● WHAT YOU WILL DO: Skip every picture, and output exactly the lines starting at the one with "Jun 30, 2024;" and running through the last line of the material below.

*** Opening of RECORD EXCERPTS ***

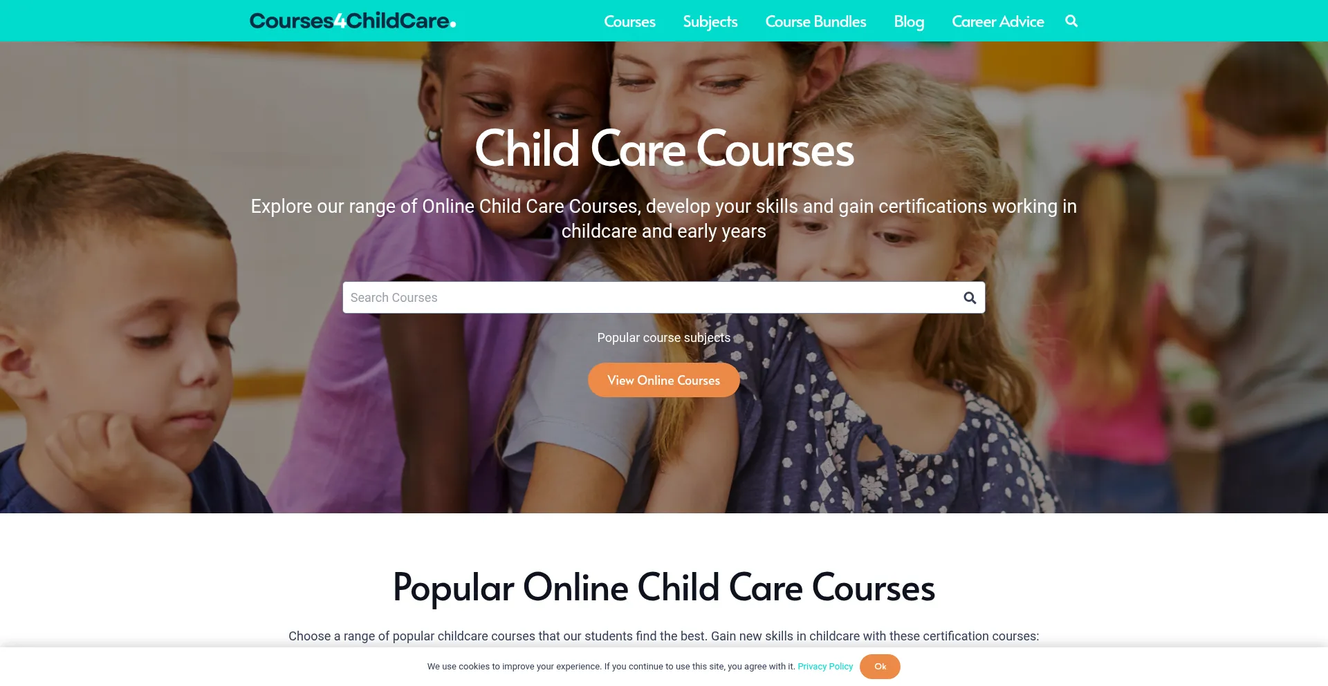 该网站实现符合GDPR或CCPA等隐私法规的cookie同意机制。这表明 courses4childcare.co.uk 遵守数据保护标准并为用户提供对个人数据收集实践的控制。
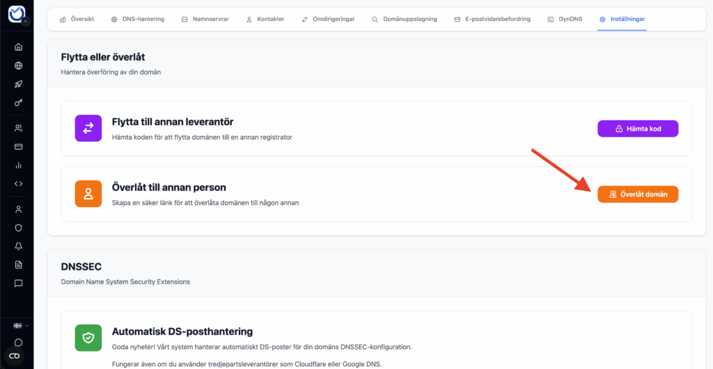 - Navigera rätt: När du är inloggad navigera till Inställningar för domänen. Klicka sedan på ”Överlåt domän”:
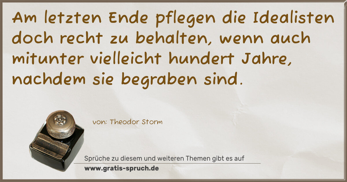 Am letzten Ende pflegen die Idealisten doch recht zu behalten, wenn auch mitunter vielleicht hundert Jahre, nachdem sie begraben sind.
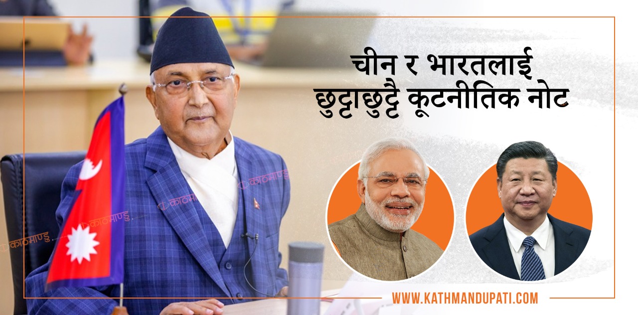 सरकारले चीन र भारतलाई छुट्टाछुट्टै कूटनीतिक नोट पठाएको छ । प्रधानमन्त्री केपी शर्मा ओलीले परराष्ट्र मन्त्रालयलाई कूटनीतिक नोट पठाउन निर्देशन दिएपछि मन्त्रालयले कूटनीतिक नोट पठाएको हो ।
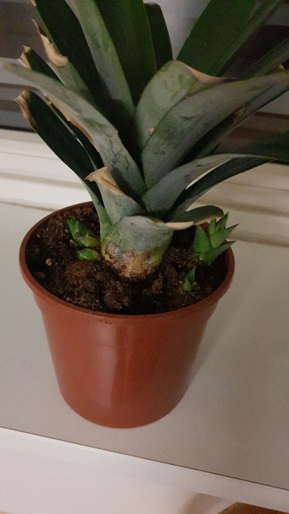 Ook de juiste keuze van ananas werd een sport. Nu 5 planten en 1 pup gever over.
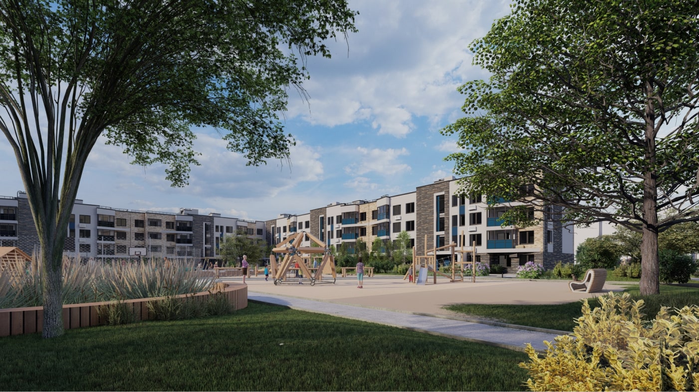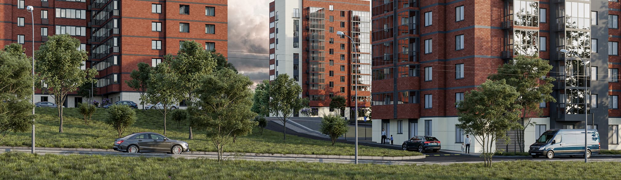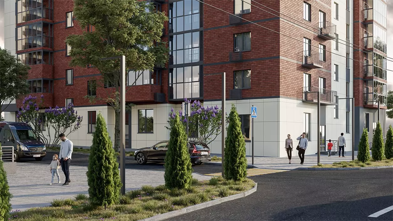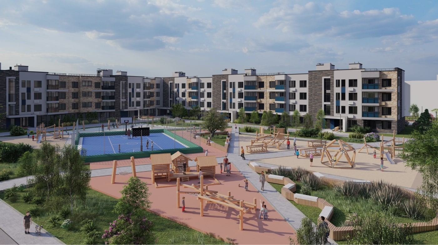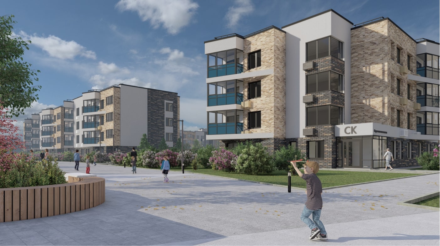 • Большая придомовая территория с концепцией Речного берега
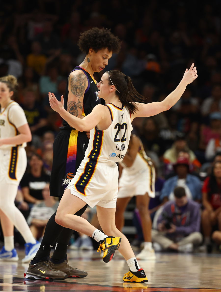 Jun 30, 2024; Phoenix, Arizona, USA; Indiana Fever guard Caitlin Clark (22) against Phoenix Mercury center Brittney Griner (42) during a WNBA game at Footprint Center. Mandatory Credit: Mark J. Rebilas-USA TODAY Sports
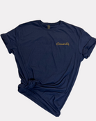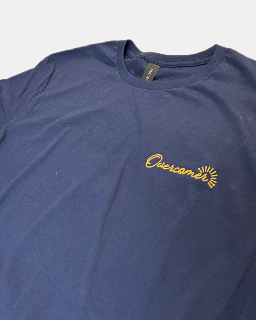 Overcomer T-Shirt, Navy with Elegant Gold Embroidery - Faith-Inspired Apparel, Cancer Warrior
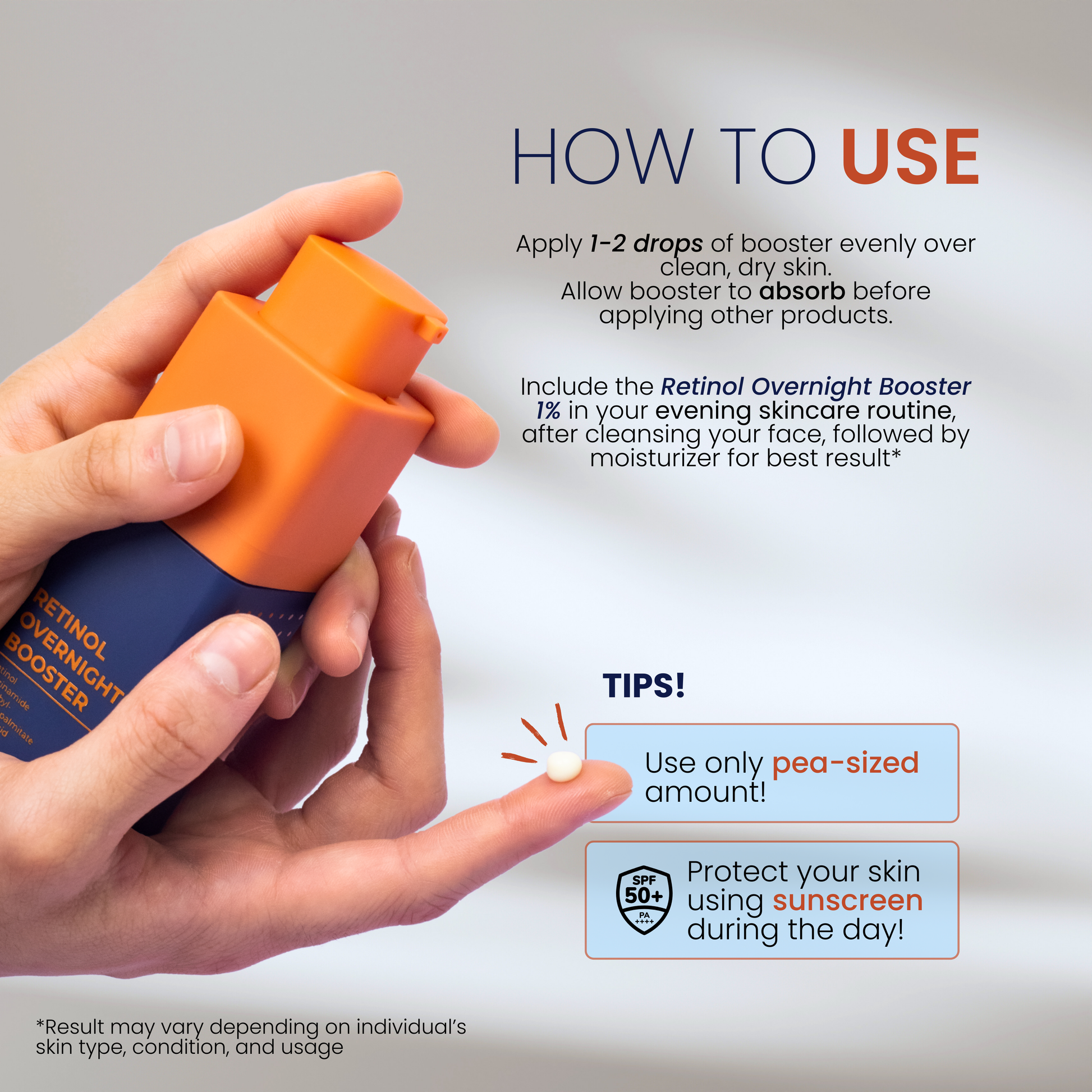 Dispense a pea-sized amount on your hand. Avoid applying too much product to minimize the risk of irritation. Dot the retinol onto your forehead, cheeks, chin, and nose. Gently spread it all over your face using the upward and outward motions. Avoid the eyes and lips area. Beginner: Recommended to use at least 1-2 times a week. Apply your retinol followed by your favorite moisturizer or use a sandwich method if you have dry skin.
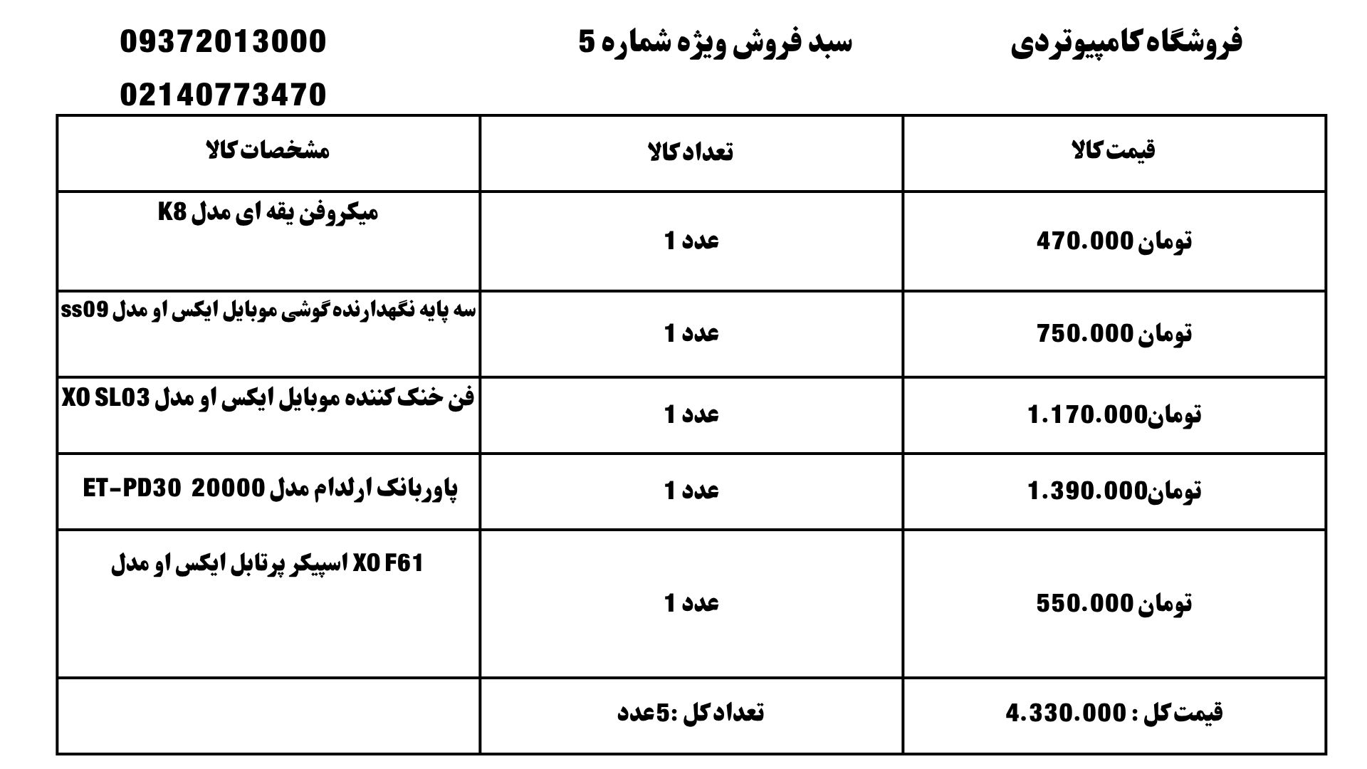 سبد خرید شماره 5 شامل( پاوربانک 20 هزار/میکروفون یقه ایی/اسپیکر پرتابل/فن خنک کننده گوشی موبایل/پایه نگه دارنده موبایل)

*** Close of RECORD EXCERPTS ***

● RESPONSE AREA:
 Jun 30, 2024; Phoenix, Arizona, USA; Indiana Fever guard Caitlin Clark (22) against Phoenix Mercury center Brittney Griner (42) during a WNBA game at Footprint Center. Mandatory Credit: Mark J. Rebilas-USA TODAY Sports
 Overcomer T-Shirt, Navy with Elegant Gold Embroidery - Faith-Inspired Apparel, Cancer Warrior
 Dispense a pea-sized amount on your hand. Avoid applying too much product to minimize the risk of irritation. Dot the retinol onto your forehead, cheeks, chin, and nose. Gently spread it all over your face using the upward and outward motions. Avoid the eyes and lips area. Beginner: Recommended to use at least 1-2 times a week. Apply your retinol followed by your favorite moisturizer or use a sandwich method if you have dry skin.
 سبد خرید شماره 5 شامل( پاوربانک 20 هزار/میکروفون یقه ایی/اسپیکر پرتابل/فن خنک کننده گوشی موبایل/پایه نگه دارنده موبایل)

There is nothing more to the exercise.